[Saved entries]
===============

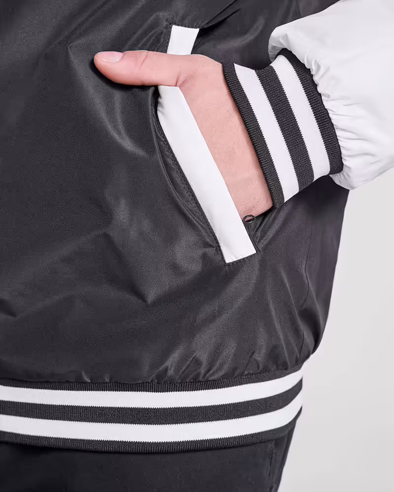 Chaqueta unisex ligeramente acolchada combinada con dos colores. Cuello, puños y bajo en rib 1×1, con dos líneas a contraste. Bolsillos laterales con cremallera. Interior forrado. Botones a presión con acabado de plástico a contraste. Acceso interior en pecho izquierdo y espalda para reprocesos.
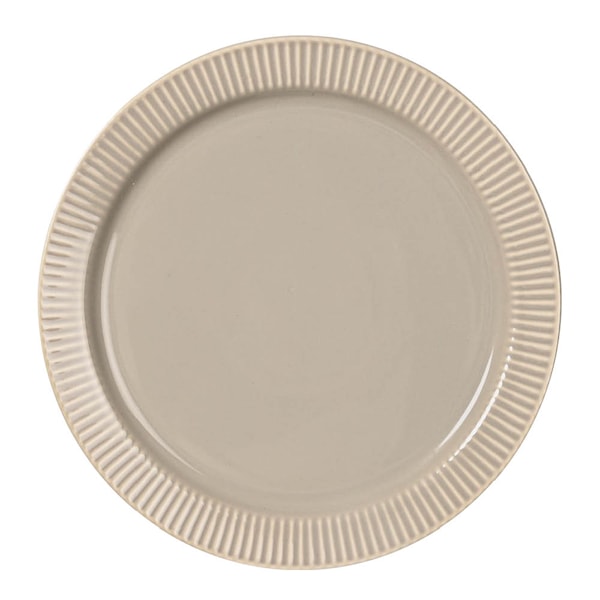 Tallriken är tillverkad i benporslin och tål diskmaskin. Den runda formen och stripade kanten är typisk för Inka-serien och gör det enkelt att matcha med andra delar i samma kollektion.
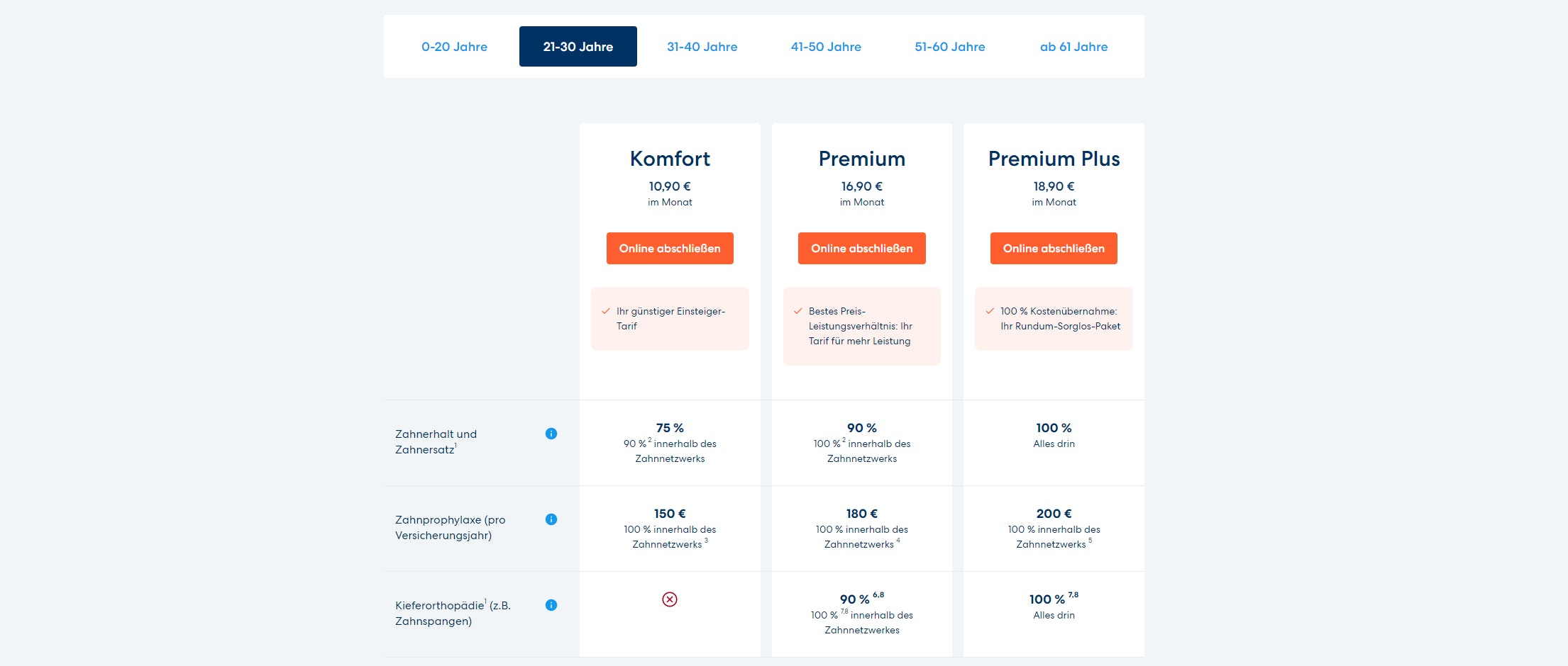 Die Zahnzusatzversicherung von DA Direkt lässt sich mit drei verschiedenen Service-Paketen, genannt Komfort, Premium und Premium Plus, abschließen. Dabei kann man von unterschiedlichen Zuschussmodellen für Zahnerhalt, Prophylaxe oder Kieferorthopädie profitieren – im All-in-Fall des Premium-Plus-Paketes sind 100% Erstattung in allen drei Bereichen möglich.
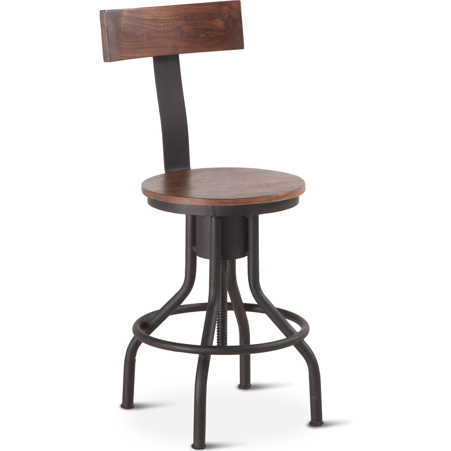 World Interiors ZWIMADC18-2X Artezia Adjustable Bar Stool in Walnut Finish Acacia Wood & Iron (Set of 2)
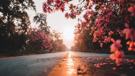 An asphalt road stretches into the distance, framed by trees laden with pink blossoms. Warm sunlight bathes the scene, creating a soft, diffused lighting effect. The composition uses a low-angle perspective. Suitable for travel, nature, or seasonal themes in advertising and editorial contexts.
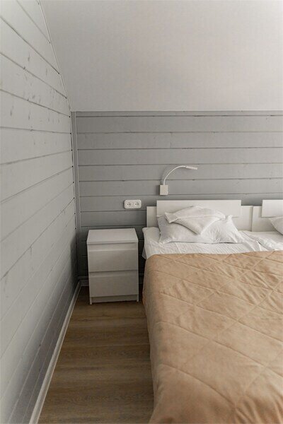 На втором этаже — 2 уютные спальни, оснащенные индивидуальными ванными комнатами, в одной из которых размещена инфракрасная сауна, а во второй — ванная для двоих.
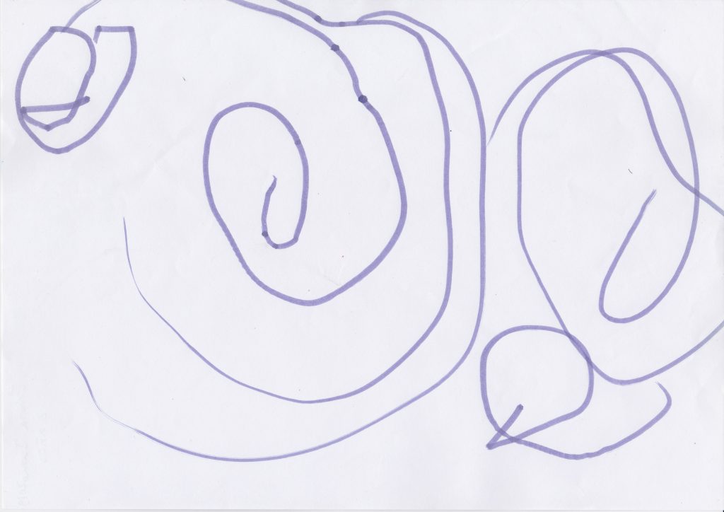 Después de muchos torbellinos, el gesto se hace más lento y el resultado es el control del trazo y la creación del círculo. Esto sucede de forma progresiva, primero en forma de gancho antes de llegar al círculo.

===============

§ **Task directions**
Going by the data above, give back only the lines from the one containing "Die Zahnzusatzversicherung von" through the one containing "World Interiors ZWIMADC18-2X", exactly as they stand, both ends included and no images.

§ **Expected answer**
 Die Zahnzusatzversicherung von DA Direkt lässt sich mit drei verschiedenen Service-Paketen, genannt Komfort, Premium und Premium Plus, abschließen. Dabei kann man von unterschiedlichen Zuschussmodellen für Zahnerhalt, Prophylaxe oder Kieferorthopädie profitieren – im All-in-Fall des Premium-Plus-Paketes sind 100% Erstattung in allen drei Bereichen möglich.
 World Interiors ZWIMADC18-2X Artezia Adjustable Bar Stool in Walnut Finish Acacia Wood & Iron (Set of 2)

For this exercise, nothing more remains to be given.